Beginning from the late 1970s, if not earlier,
local authors reflected on the way of life in
this multicultural urban environment with its blurred power structures and booming economy,
while at the same time contemplating the fate of its natural environment.
Dung Kai-cheung, Leung Ping-kwan,
and Xi Xi, for example,
poetically combined feelings of transience and
uncertainty with records of destroyed neighborhoods,
vanishing landscapes, and endangered species.
As they explore the changing meanings of the place,
their literary works intersect issues of postcolonial identity,
culture, community, and ecology.
Woman writer, Shih Shu-ch’ing,
too, focused on this intersection.
She wrote an epic Hong Kong trilogy with
a teenage immigrant girl as the main protagonist.
An innocent victim with no formal education,
the girl painfully learns to defend and assert
herself until she becomes a highly successful real estate developer.
In between, there is her abduction and sale to a Hong Kong brothel by a gang of bandits,
her rise as a courtesan, and support of her start-up business from an expat admirer.
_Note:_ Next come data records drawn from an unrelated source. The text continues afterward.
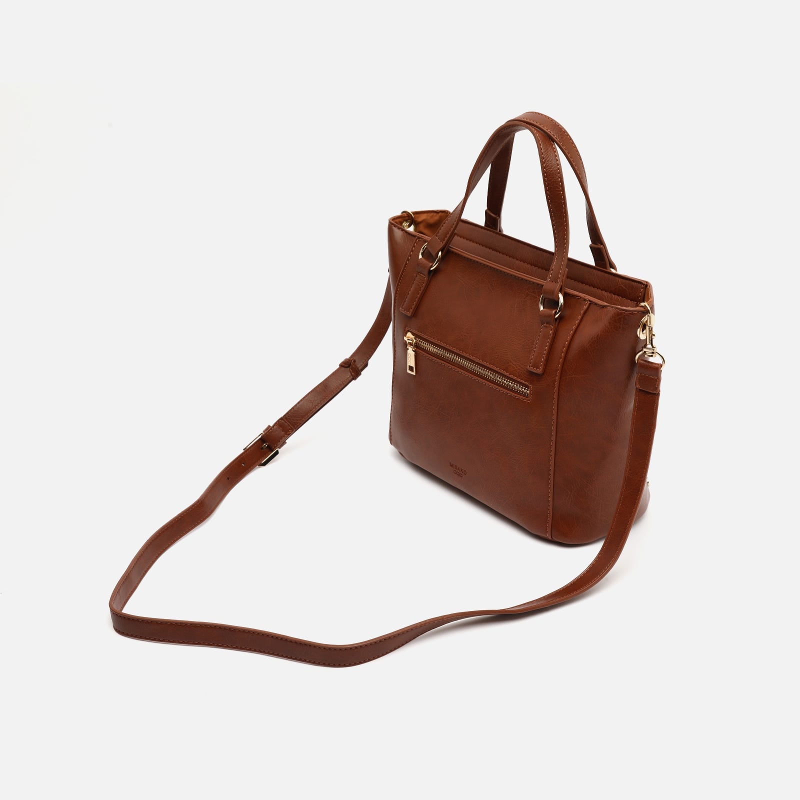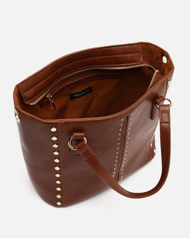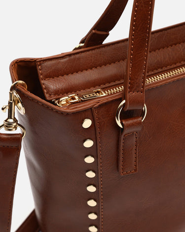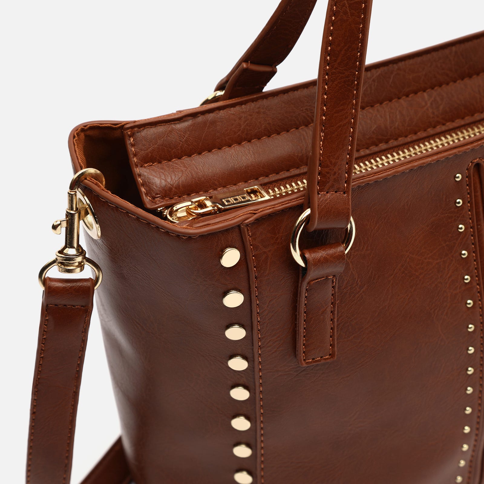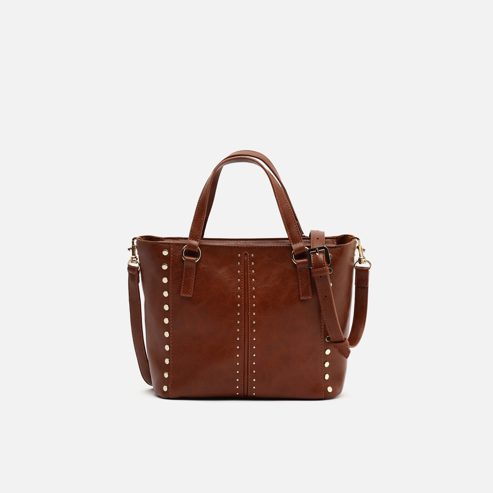 Bolso tote mediano con asa bandolera extraíble y detalles metálicos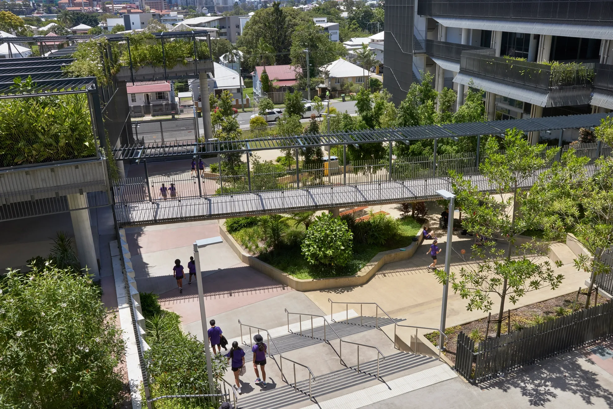 From its elevated position overlooking Brisbane city, BSSSC exudes energy and aspiration. This new inner-city school highlights just how much education has evolved. Everything about this campus speaks to a focus on excellence - a progressive environment that supports collaboration and a community of learning.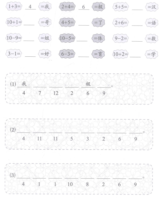 先数一数下列汉字的笔画数,然后计算不同汉字组合的总笔画数。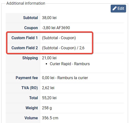 - substract the subtotal and coupon values. You'll want to do a var_dump() of the data to check that you have what you need for your calculations and how to access it. For example, when the order is being created, you'll have the value of the coupon in $order->order_discount_price and the whole data of the coupon in $order->cart->coupon, and you'll have the subtotal object in $order->cart->total ( $order->cart->total->price_value_with_tax or $order->cart->total->price_value based on whether you want the subtotal with or without taxes )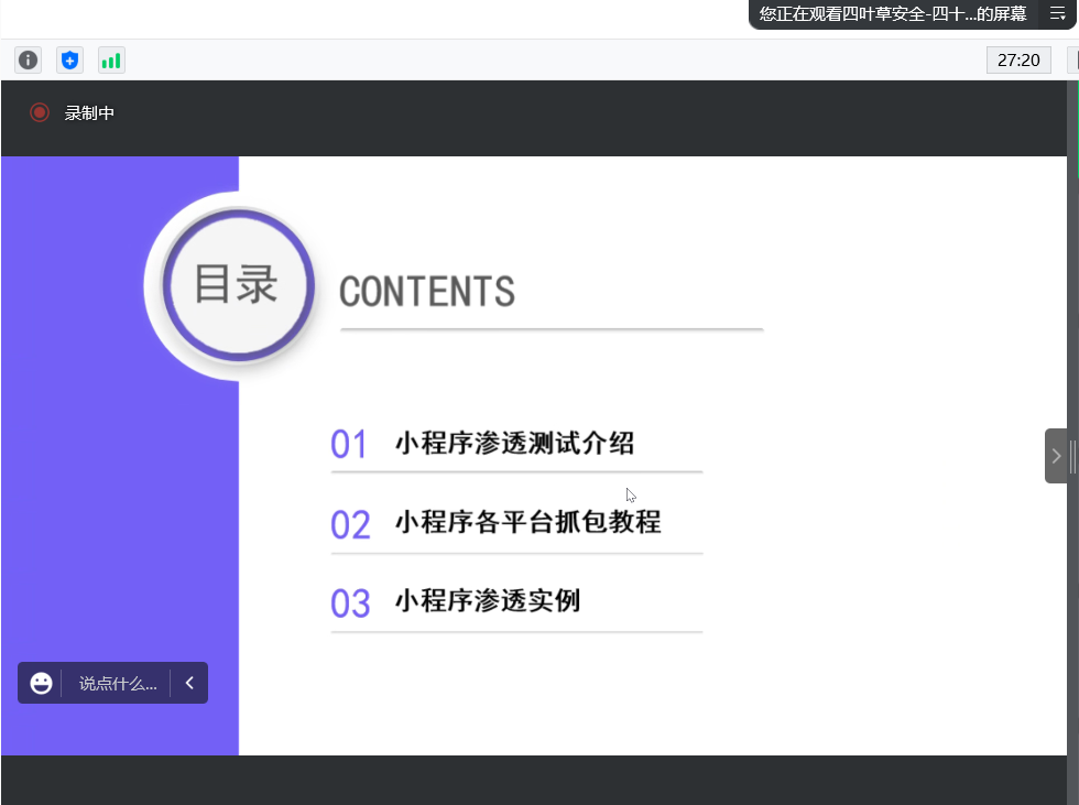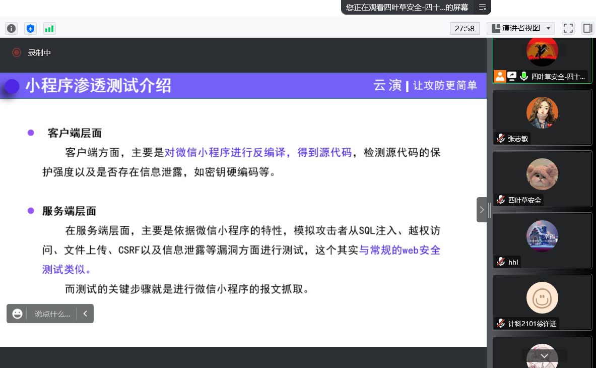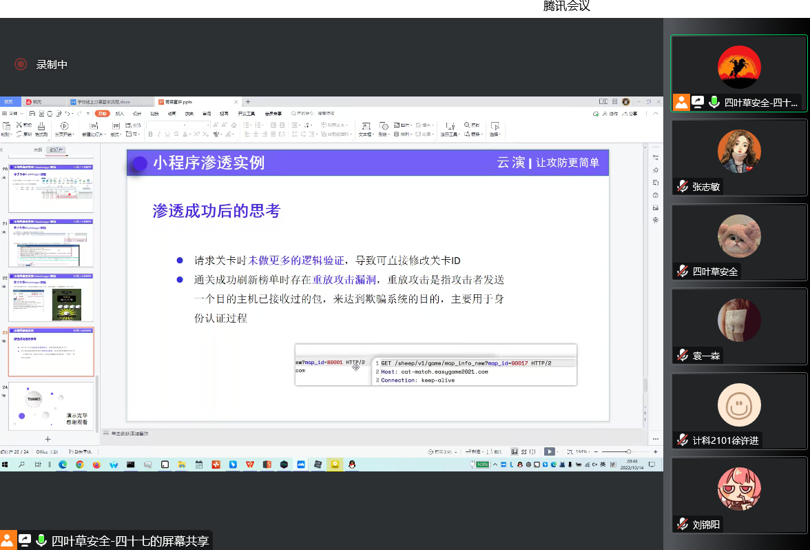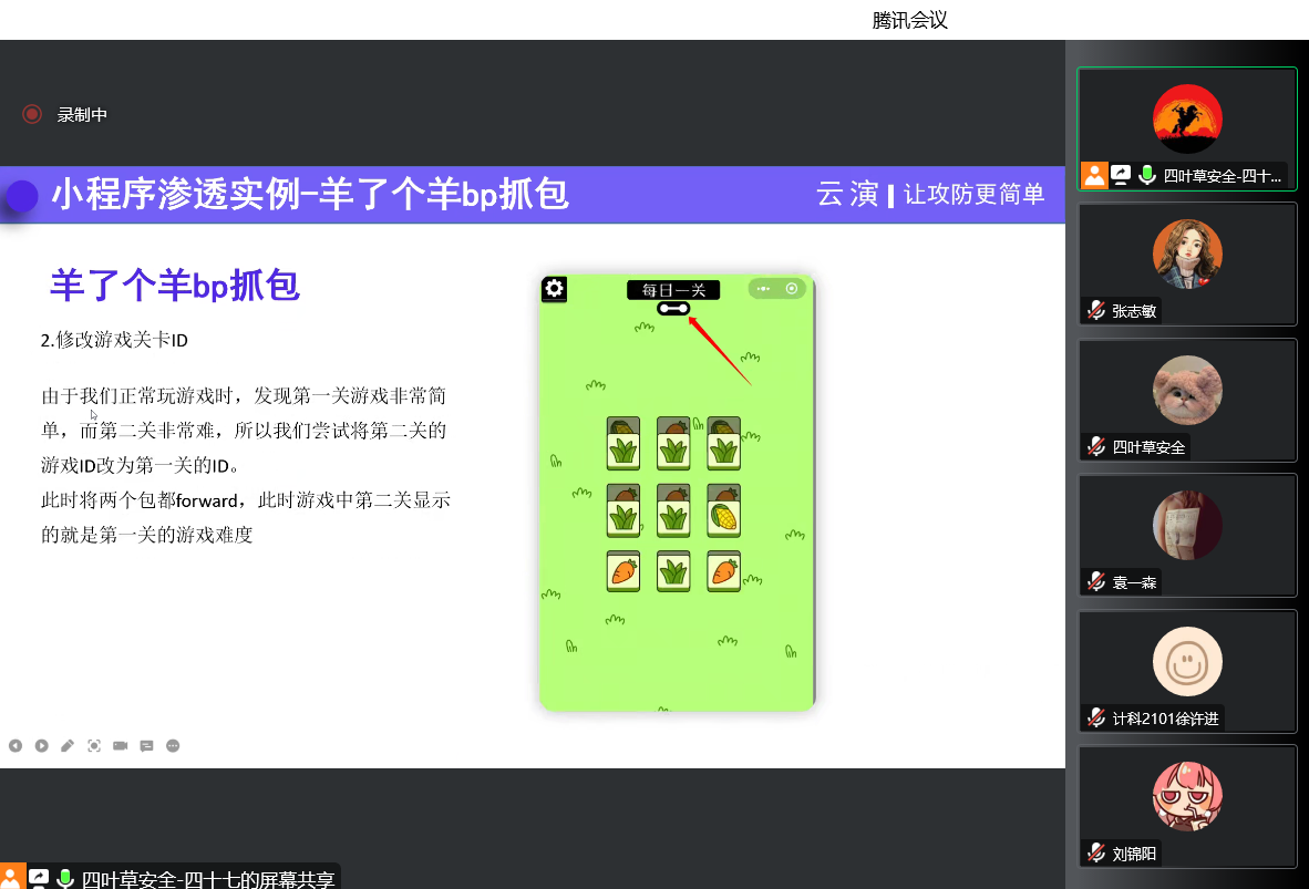 此次分享会的主题是渗透知识技能、网络安全意识、行业市场方向、行业就业问题分析、网络安全学习成长方向规划。首先,由四叶草公司人才培养创研中心高级攻防演练工程师(ID:四十七)讲解网络常见的渗透、抓包技术,并结合当下火爆全网的游戏“羊了个羊”进行渗透实例的演示及讲解。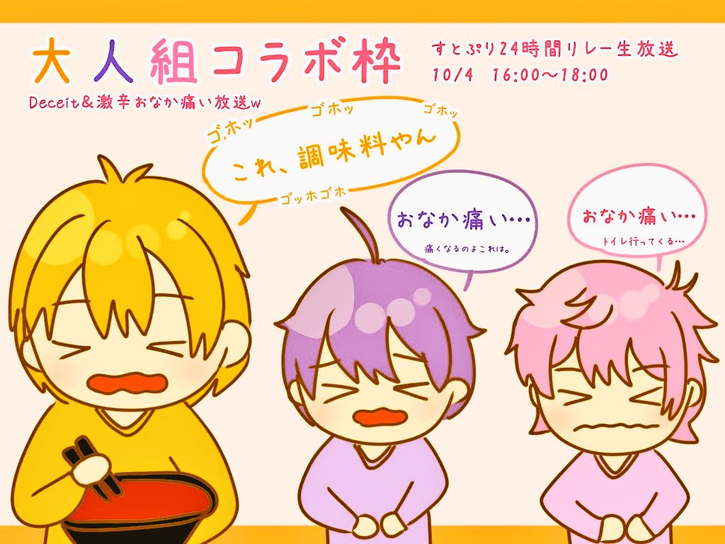 大人組コラボ放送ありがとうございました!!✨ 豹変するDeceitに激辛におなかをやられていく大人組…ほんとにいっぱい笑わせてもらいました!!✨ お腹ゆっくり休めてくださいw( *´꒳`*)✨ #すとぷり24時間リレー生放送 #すとぷりギャラリー #ジェルくん #なーくん #さとみくん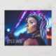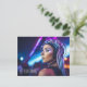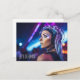 Fotografia de uma linda jovem no estilo cyberpunk num programa de EDM ao ar livre em Miami centro. Feito com algoritmos generativos e Photoshop.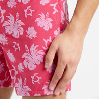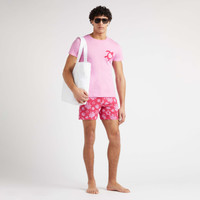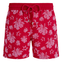 These Turtle Heart men swim trunks are inspired by a love of Tahiti. A tropical print crafted in recycled polyamide for an easy fit, offering a sophisticatied addition to holiday wardrobes. - Elastic waistband men swim trunks with drawstring and zamak tips engraved Vilebrequin - Side pockets - Hand-placement of back pocket for perfect visual alignment with swimwear print - Two back eyelets allow water to drain and avoid swim trunks from ballooning when emerging into water - Fully lined with water-resistant mesh lining (100% polyamide) - Side leg length in size M: 15.6" - The model is 74.4" tall and wears a size M - Men Swim Trunks Turtle Heart Tahiti - Men Swim Trunks - 100% recycled polyamide Product Information Style: Moorea Model: MOOBD214-207 Color: GOOSEBERRY RED / RED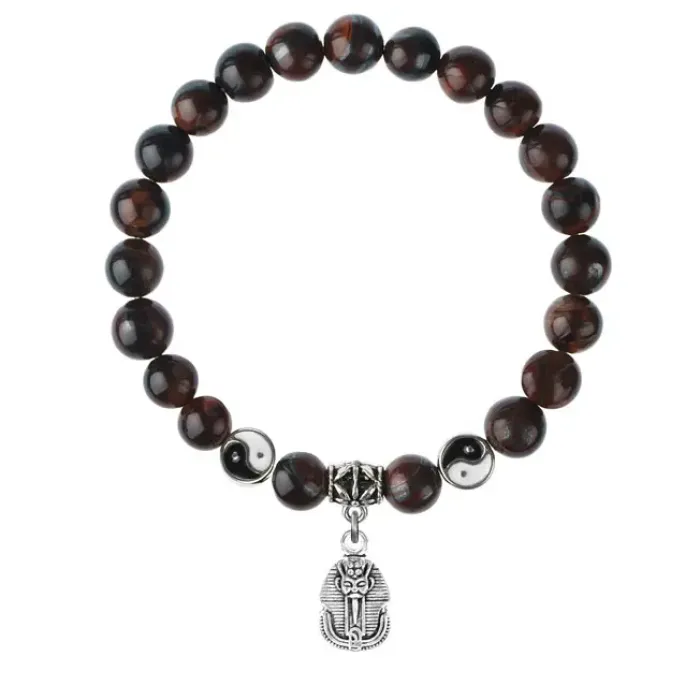 Браслет из натурального камня бычий глаз с подвеской в виде символа фараона.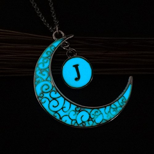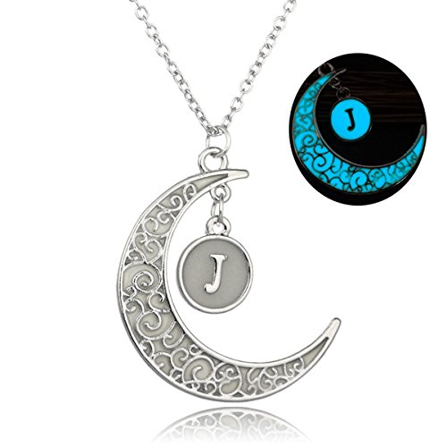 -. Title : Linsh Initial Necklace Glow in Dark Hollow Out Carved Moon J Letter Pendant Necklace Color: Silver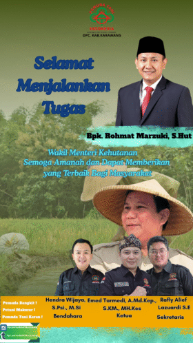 KARAWANG, BERITAINDUSTRI.ID – Keluarga besar Dewan Pengurus Cabang (DPC) Pemuda Tani Indonesia Kabupaten Karawang menyampaikan ucapan selamat dan sukses atas dilantiknya Bapak Rohmat Marzuki, S.Hut, sebagai Wakil Menteri Kehutanan di Kabinet Merah Putih.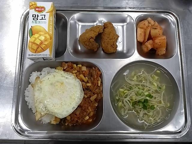 석식: 참치김치덮밥, 무콩나물국, 케이준통살치킨텐더, 깍두기, 델몬트망고주스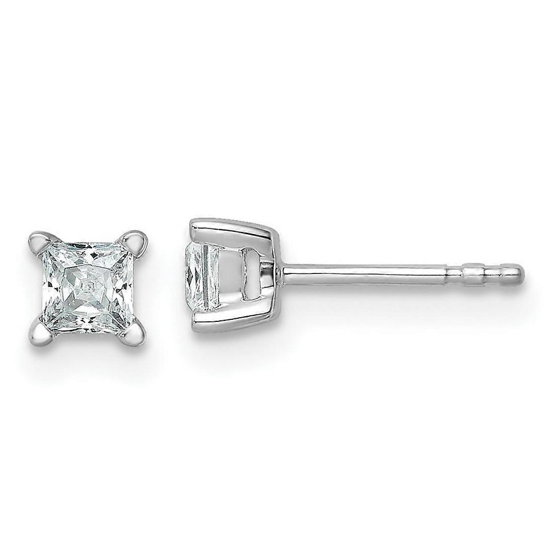 14k White Gold 1/2 Ctw Lab Grown Diamond SI+ G+ Princess 4 Prong Heavy Weight Earrings 4.55x4.55mm Wide Stud Earring for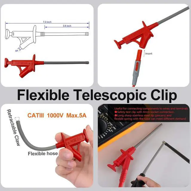[Package List] 1x Multi-purpose test tweezer probes; 2 x banana plug multimeter leads; 2 x multimeter pens; 12 x wire piercing probes set; 2 x banana plug to test hook test leads; 4 x Alligator Clips; 2 x high voltage test hook clips; 2 x 2MM Banana Jack To Back Probe Pin; 1 x 6 Pockets Roll Up Tool Bag.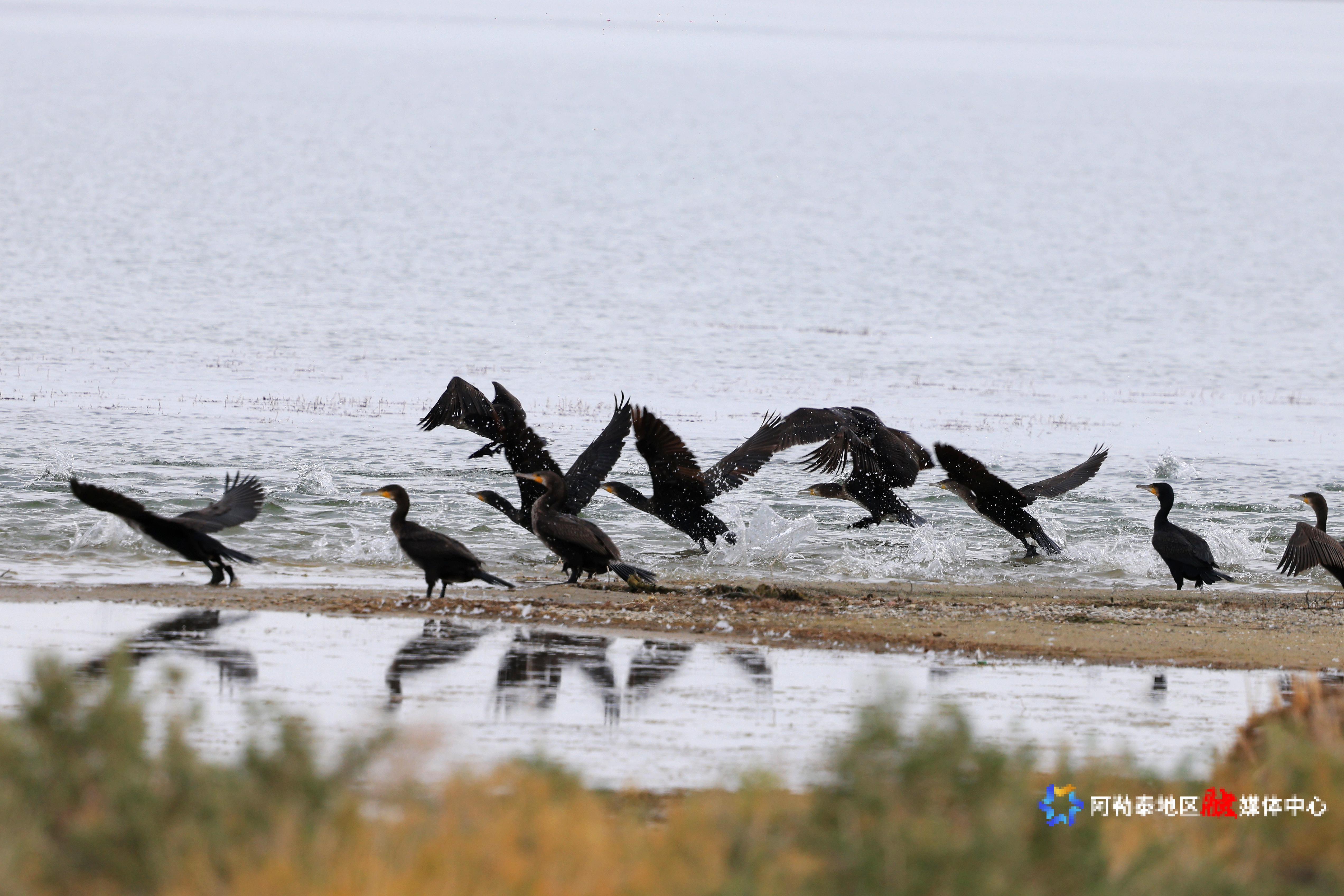 湖面上,成群的天鹅与鸬鹚悠然游弋,时而在水面觅食,时而展翅低飞,为宁静的湖面增添了几分生机。湖畔的沙滩上,骆驼悠闲踱步,与远方的雅丹地貌相映成趣,为游客们提供了多样化的观赏体验。

What is particularly interesting about Shih’s three-partite family saga, is
the carefully designed intersection of human and natural histories, wherein some of
the place’s endemic plants and animal species, such as the Jezebel butterfly and
the Hong Kong Bauhinia tree, function as symbolic markers
of a local patchwork identity beyond cultural politics.
Postcolonial narratives frequently borrow aspects of identity, place attachment,
conviviality, and integration from
widely known pre-modern stories, and weave them into
their modern tales loss, drifting, and disintegration.
The ongoing popularity of these tropes in postcolonial literature hints
at the fact that today’s corporate globalism exploits
postcolonial communities in ways that reproduce
the dismantled colonial power’s approach, albeit in a new legal and political framework.